- **DATASET EXTRACT**:
^^^^^^^^
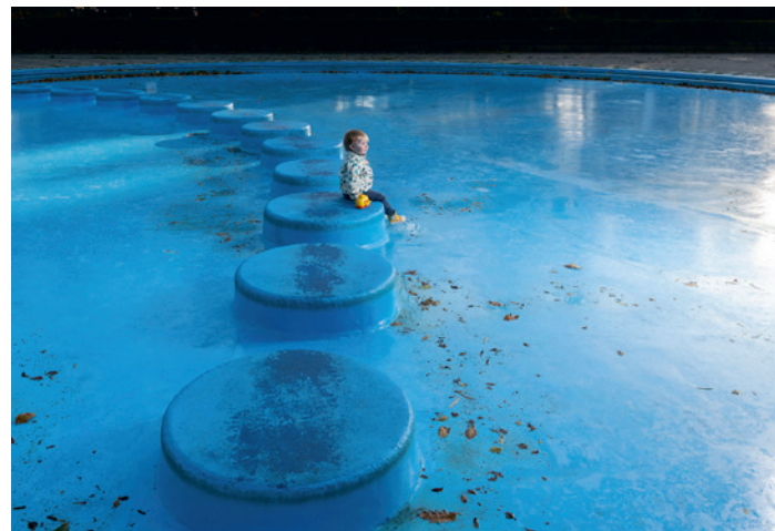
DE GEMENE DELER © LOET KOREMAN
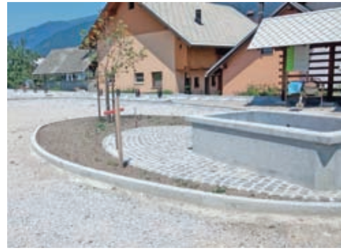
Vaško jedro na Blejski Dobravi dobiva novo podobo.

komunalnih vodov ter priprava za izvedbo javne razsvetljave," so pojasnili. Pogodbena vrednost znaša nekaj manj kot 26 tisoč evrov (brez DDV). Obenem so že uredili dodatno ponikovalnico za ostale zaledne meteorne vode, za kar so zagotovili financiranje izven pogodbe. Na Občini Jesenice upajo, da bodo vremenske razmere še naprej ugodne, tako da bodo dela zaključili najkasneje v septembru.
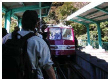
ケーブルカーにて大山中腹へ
^^^^^^^^
- **TRY IT**:
Return all of the material exactly, without pictures.

- **RESULT OF THIS TASK**:
DE GEMENE DELER © LOET KOREMAN
Vaško jedro na Blejski Dobravi dobiva novo podobo.

komunalnih vodov ter priprava za izvedbo javne razsvetljave," so pojasnili. Pogodbena vrednost znaša nekaj manj kot 26 tisoč evrov (brez DDV). Obenem so že uredili dodatno ponikovalnico za ostale zaledne meteorne vode, za kar so zagotovili financiranje izven pogodbe. Na Občini Jesenice upajo, da bodo vremenske razmere še naprej ugodne, tako da bodo dela zaključili najkasneje v septembru.
ケーブルカーにて大山中腹へ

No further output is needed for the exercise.